A Council of Europe investigator says he has evidence to prove the CIA ran secret jails in Poland and Romania to interrogate "war on terror" suspects.
Unusual flights arrived at Poland's Szymany airport in 2003
Dick Marty, a Swiss senator, has been investigating CIA operations on behalf of the European human rights body.
In his new report, released on Friday, Mr Marty says secret CIA prisons "did exist in Europe from 2003 to 2005, in particular in Poland and Romania".
The governments of both countries have strongly denied any involvement.
A spokesman for the CIA told the BBC that "the CIA's counter-terror operations have been lawful, effective, closely reviewed, and of benefit to many people - including Europeans - by disrupting plots and saving lives".

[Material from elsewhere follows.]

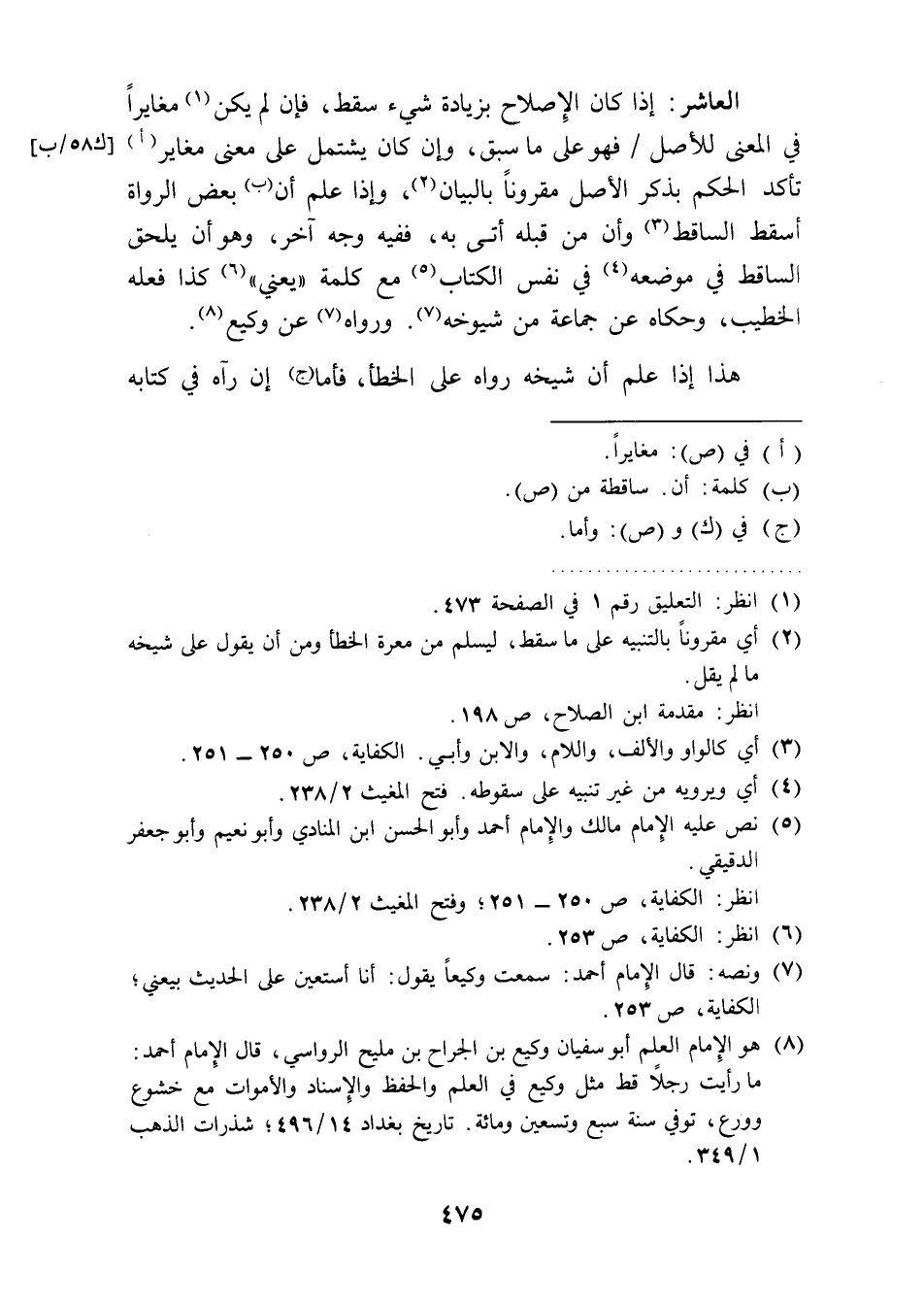 العاشر: إذا كان الإِصلاح بزيادة شيِء سقط، فإن لم يكن (¬1) مغايرًا في المعنى للأصل فهو علي ما سبق، وإن كان يشتمل علي معنى مغاير (أ) تأكد الحكم بذكر الأصل مقرونًا بالبيان (¬2)، وإذا علم أن (ب) بعض الرواة أسقط الساقط (¬3) وأن من قبله أتى به، ففيه وجه آخر، وهو أن يلحق الساقط في موضعه (¬4) في نفس الكتاب (¬5) مع كلمة "يعني" (¬6) كذا فعله الخطيب، وحكاه عن جماعة من شيوخه (7). ورواه (¬7) عن وكيع (¬8).

Mr Marty says he drew on multiple sources and used his own intelligence methods to investigate the CIA's "extraordinary renditions", the process under which terror suspects were transported around the world for interrogation.
"Some European governments have obstructed the search for the truth and are continuing to do so by invoking the concept of 'state secrets'.... This criticism applies to Germany and Italy, in particular," he said.
His report came as the first criminal trial over the CIA "extraordinary renditions" opened in Italy. Twenty-five CIA agents and a US Air Force colonel are on trial in their absence, accused of kidnapping an Egyptian terror suspect and sending him to Egypt, where he was allegedly tortured.
Unnamed CIA sources quoted by Mr Marty said Poland was the "black site" where eight "high-value detainees (HVDs)" were interrogated, including Khalid Sheikh Mohammed - alleged mastermind of the 9/11 attacks on the US in 2001 - and Abu Zubaydah, a suspected top al-Qaeda operative.
The report says Romania "was developed into a site to which more detainees were transferred only as the HVD programme expanded".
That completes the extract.